RAW DATA —
● ● ● ● ●

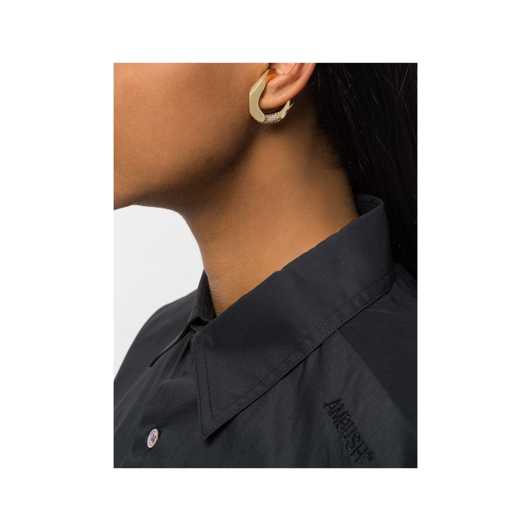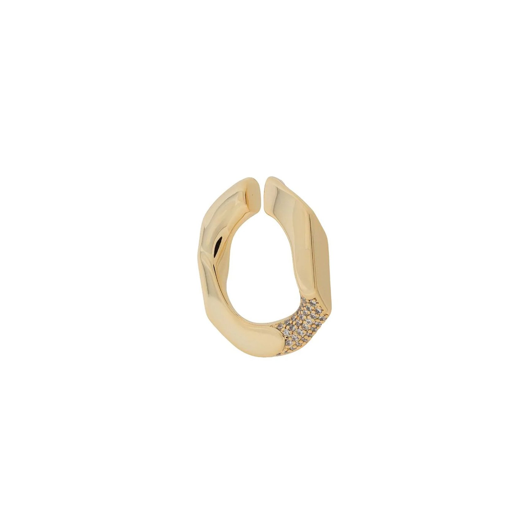 「ナンバリング(Numbering)」のゴールドのイヤーカフは、有機的な多角形のフォルムが印象的。部分的に埋め込まれたクリスタルガラスとの、素材感のコントラストが秀逸。
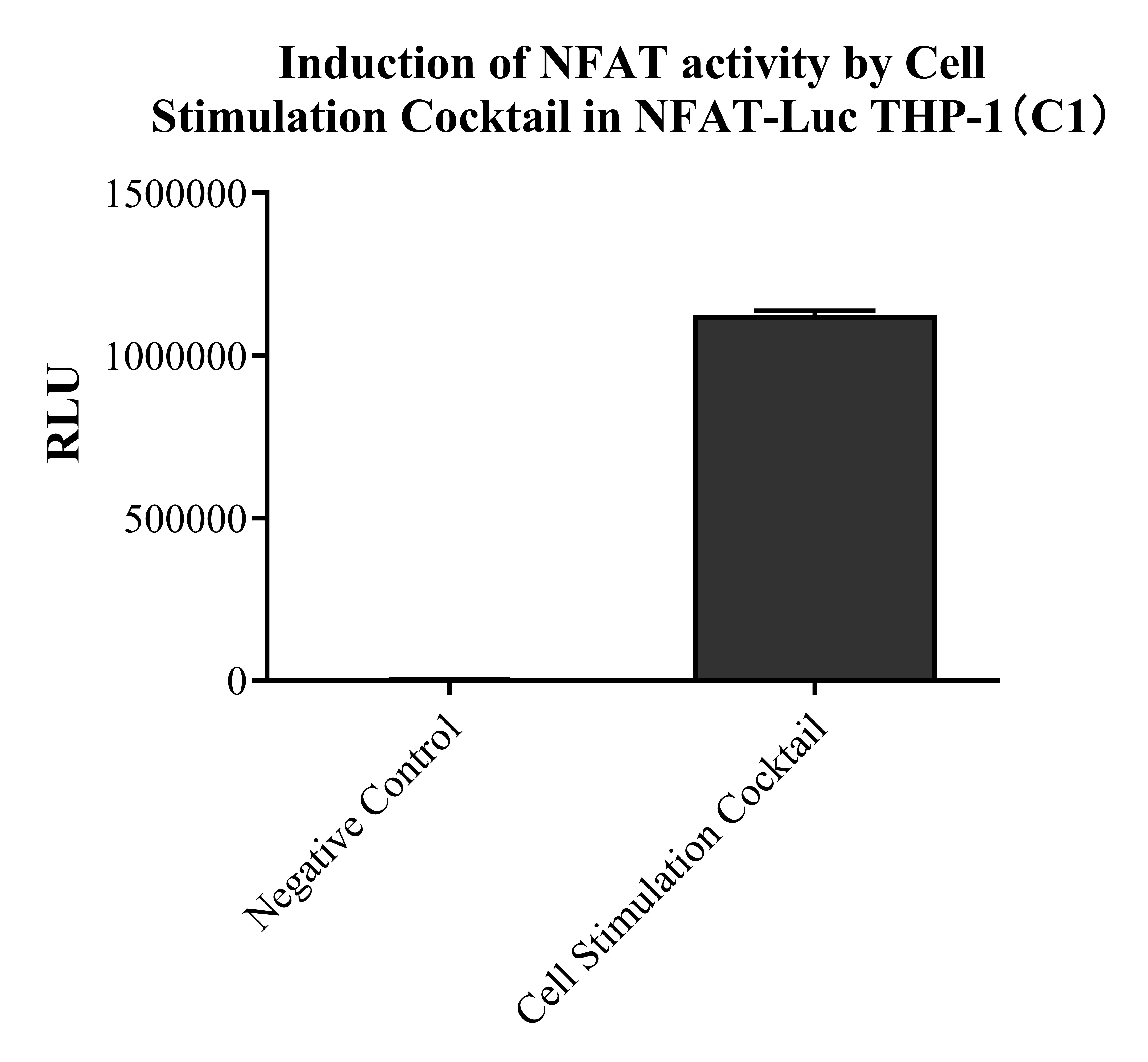 NFAT-Luc THP-1 報告基因藥靶模型很好的模擬了體內 NFAT 的信號轉導過程,原理見下圖所示。![]() Figure 1. NFAT Stimulation Assay 驗證結果 |
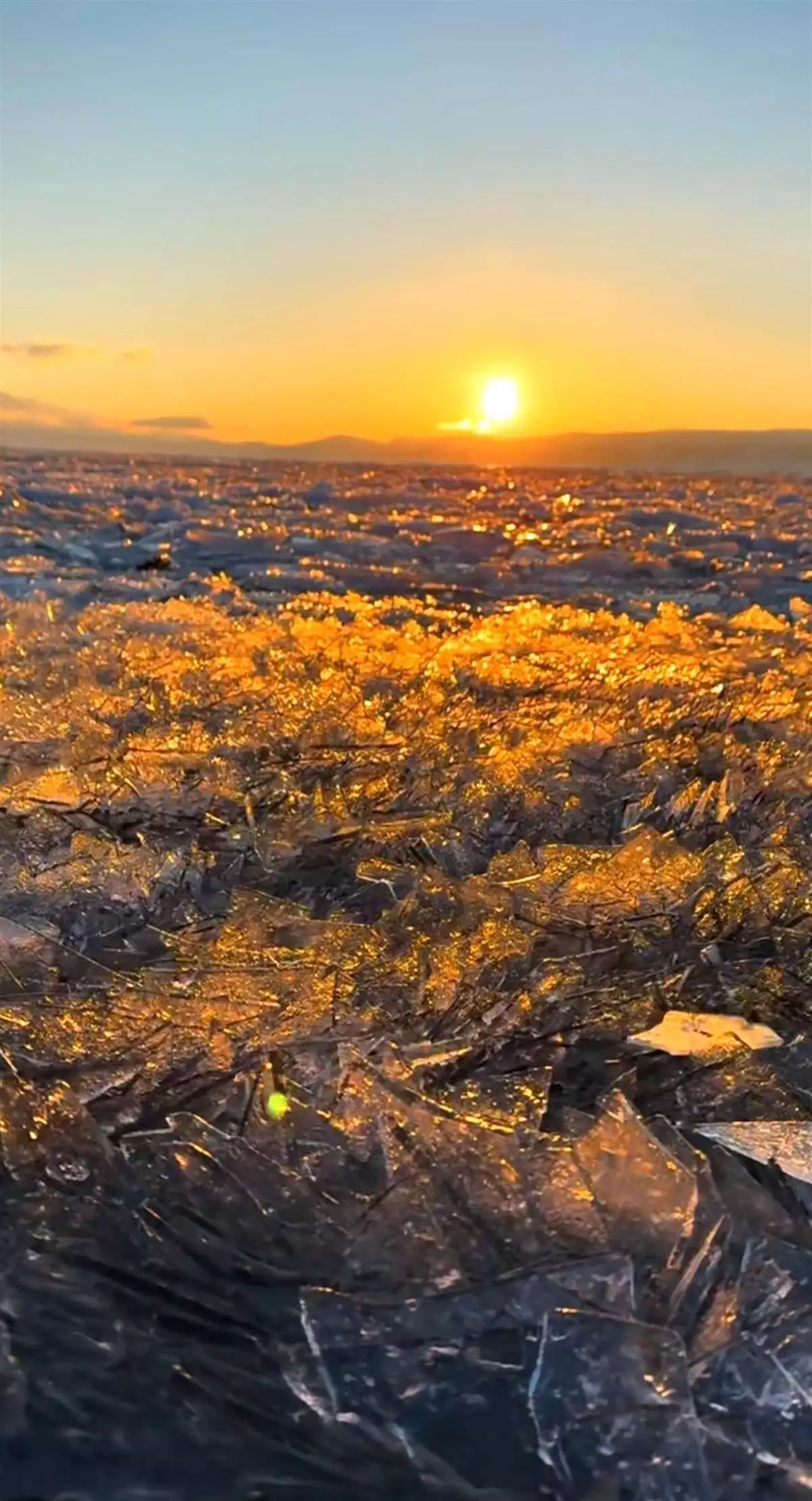 有网友在相关视频的评论区写道:“这简直就是‘浮光跃金’最生动的体现。”还要网友表示,这些晶莹剔透的冰片,层层叠叠,被推向岸边,酷似巨龙的鳞片。
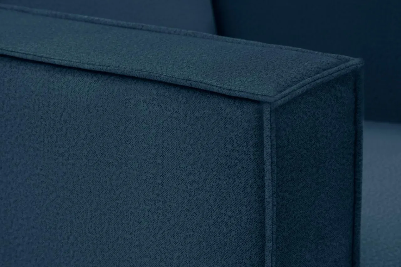 - Tapicerka została wykonana z miękkiej w dotyku, welurowej tkaniny w granatowym kolorze.

● ● ● ● ●

EXERCISE DESCRIPTION — When you repeat the material above, keep every word exact and leave out the pictures.

REPLY —
 「ナンバリング(Numbering)」のゴールドのイヤーカフは、有機的な多角形のフォルムが印象的。部分的に埋め込まれたクリスタルガラスとの、素材感のコントラストが秀逸。
 NFAT-Luc THP-1 報告基因藥靶模型很好的模擬了體內 NFAT 的信號轉導過程,原理見下圖所示。![]() Figure 1. NFAT Stimulation Assay 驗證結果 |
 有网友在相关视频的评论区写道:“这简直就是‘浮光跃金’最生动的体现。”还要网友表示,这些晶莹剔透的冰片,层层叠叠,被推向岸边,酷似巨龙的鳞片。
 - Tapicerka została wykonana z miękkiej w dotyku, welurowej tkaniny w granatowym kolorze.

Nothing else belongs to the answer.